The Chinese markets might be crashing, but analysts at Goldman Sachs thinks the sell-off is over-cooked and that stocks are cheap.
Goldman analysts said shares could rise 36% from current levels by the end of the year as the Chinese government boosts its stimulus. This is barring a major financial crisis of course.
The stimulus is key, along with the way people are trading at the moment.

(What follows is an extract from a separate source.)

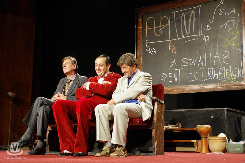 Vancsók igazi kezdeményező, kreatív ember, akit a kudarcok sem kényszerítettek térdre, számos találmányt nyújtott be a szabadalmi hivatalba, melyek a hivatásos nézővé válást segítik. A komédia persze nem lenne komédia, ha a dolgok nem romlanának el, nem mennének tönkre, így rázza majdnem halálra Imrét Vancsók szerkezete. Külön említést érdemel Színházi Lacika, aki a színházban született és nőtt fel, minden előadást ismer. Katona László kiválóan alakítja a segítőkész, kissé elmaradott, nézésével perzselő, a színi előadásokat vadul védelmező Lacikát. Katona Lászlónak meg sem kellett szólalnia, elég volt mindent tudó, ám kissé bamba nézésével a közönség felé fordulnia, s a terem máris nevetéstől harsogott.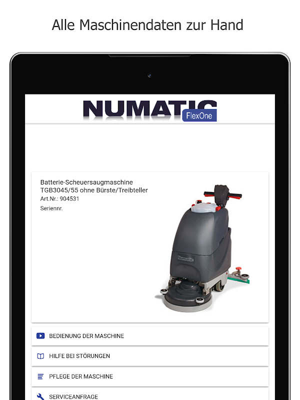 Za kod QR lub nawet szybciej przez NFC uznania wiórów wszystkie dane maszynowe są nazywane w NUMATIC FlexOne

Goldman says traders have stopped looking at the financial underpinnings of stocks and are trading based on macroeconomic trends, like growth forecasts and industrial production. This means some stocks are looking cheap because their ratio of price to company earnings is low.
Here’s how they see it:
Goldman says much of the bad economic data is priced in already and the overall investor pessimism on Chinese stocks doesn’t match up to reality (emphasis ours):
We fully recognise the cyclical and well-documented structural headwinds that China currently faces; however, these concerns seem quite well priced in Chinese equities from various valuation methodologies that we have discussed. In addition, given the intricate macro, market, and micro linkages that regional and global economies have established with China, the meaningful valuation discounts of China vs. its global peers seems to argue favourably for a relative-return case for the former, in our view.
It would take a strong stomach to follow through on this. Chinese shares crashed again today, despite a rate cut from the People’s Bank of China yesterday aimed at boosting demand for stocks.